Preparation of mRNA and cDNA synthesis

Total RNA was extracted from 10×106 cells, isolated by using total RNeasy isolation kit Qiagen and treated with DNAse (DNase Ambion Turbo DNA free, Ambion) to remove genomic DNA according to manufacturers instructions. Oligotex Direct mRNA isolation kit (Qiagen) was used to isolate mRNA from total RNA and cDNA was synthesized using mRNA (0.5 µg) by High Capacity RNA-to-cDNA Master Mix (Applied BioSystems) according to manufacturers instructions.

mRNA quantification

IRGM mRNA was quantified with a quantitative real-time polymerase chain reaction (qRT-PCR). qRT-PCR reactions were performed with the StepOnePlus Real-Time PCR System (Applied) using the FastStart Universal SYBR Green Master (Rox) (Roche). cDNA was synthesized using the mRNA from the cells as template, and RT2 qPCR Primer Assay for Human IRGM (Qiagen) was used. The amount of measured transcripts was normalized to the amount of the Ribosomal protein S9 transcript. Melting curve analysis was performed after each run to analyse specificity of primers. We assessed the presence of contaminating genomic DNA using a minus-reverse transcriptase control in qRT-PCR experiments.

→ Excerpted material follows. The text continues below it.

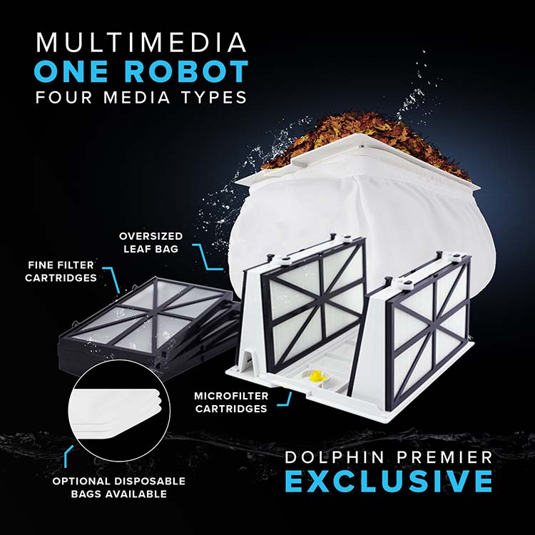 - Multiple filter options for an optimal clean pool. The Premier comes standard with three filter options: bottom-load fine cartridge filters, ultra-fine cartridge filters, and an oversized fine filter bag. The most filters in a Dolphin cleaner ever.

Endogenous IRGM detection by western blot

10×106 HeLa or Huh 7.5 cells were treated with Smartpool si-IRGM and control si-RNA were from Dharmacon. After mRNA extraction as previously described 4 volumes of cold (−20°C) acetone was added to cell lysates and incubated for 60 min at −20°C. Solution was centrifuged 20 min at 13,000 x g. Supernatant was discarded, pellet was dried and ressupended in NuPage LDS sample buffer (Invitrogen) with bond-breaker TCEP solution (Thermo Scientific).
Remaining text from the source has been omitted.